Knowledge-based semantics has been introduced by Askarov et al. [6] as a general model for information flow of confidential data, concentrated on cryptographic computations and key release (declassification [35]) and later employed in other data secrecy analyses [4,5,7]. Schoepe et al. [39] have proposed the semantic notion of correctness for taint tracking that enforces confidentiality policies of direct information flow, called explicit secrecy. To this end, they propose a knowledge-based semantics, influenced by Volpano’s weak secrecy [47] and gradual release [6]. Explicit secrecy is defined as a property of a program, where the program execution does not change the explicit knowledge of public user. The authors show that noninterference is not comparable to explicit secrecy. However, rather than restricting the discussion to direct information flow in a low level language, we model a high level OO language with a functional flavor to represent generality of our framework.
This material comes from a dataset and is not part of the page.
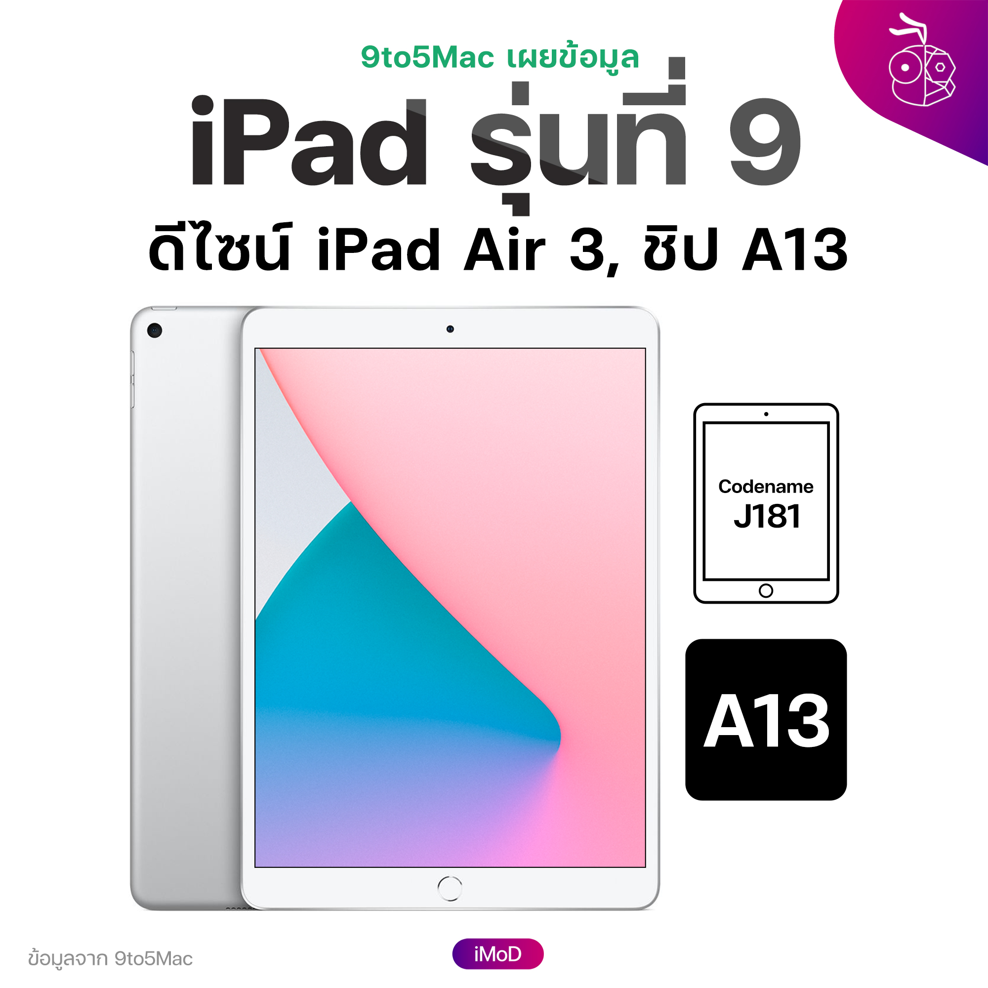 ถัดมา 9to5Mac ก็ได้รายงานว่า iPad รุ่นเริ่มต้นตัวใหม่จะใช้ดีไซน์เหมือน iPad Air 3 ที่มีตัวเครื่องบาง ใช้หน้าจอ 10.5 นิ้ว ต่างจาก iPad รุ่นที่ 8 ที่ใช้หน้าจอ 10.2 นิ้ว

Schoepe et al. [40] have recently employed explicit secrecy to study correctness results for dynamic confidentiality taint analysis in a core imperative setting with pointers and I/O, and deployed a Java-based tool, called DroidFace. A recent framework by Balliu et al. [8] attempts to bring together the general information flow and direct flow analyses using a security condition that models indirect flows which are observable by a low confidentiality user.

A counterpart for attacker knowledge in the realm of general flow of information integrity, called attacker power [5], is introduced as the set of low integrity inputs that generate the same observables. In this regard, Askarov et al. [5] use holes in the syntax of program code for injection points, influenced by [33]. However, their attack model is different as the low integrity and low confidentiality user is able to inject program code in the main program, by which she could gain more knowledge. We have tailored attacker power for explicit flows using state transformers, in order to interpret integrity taint analysis.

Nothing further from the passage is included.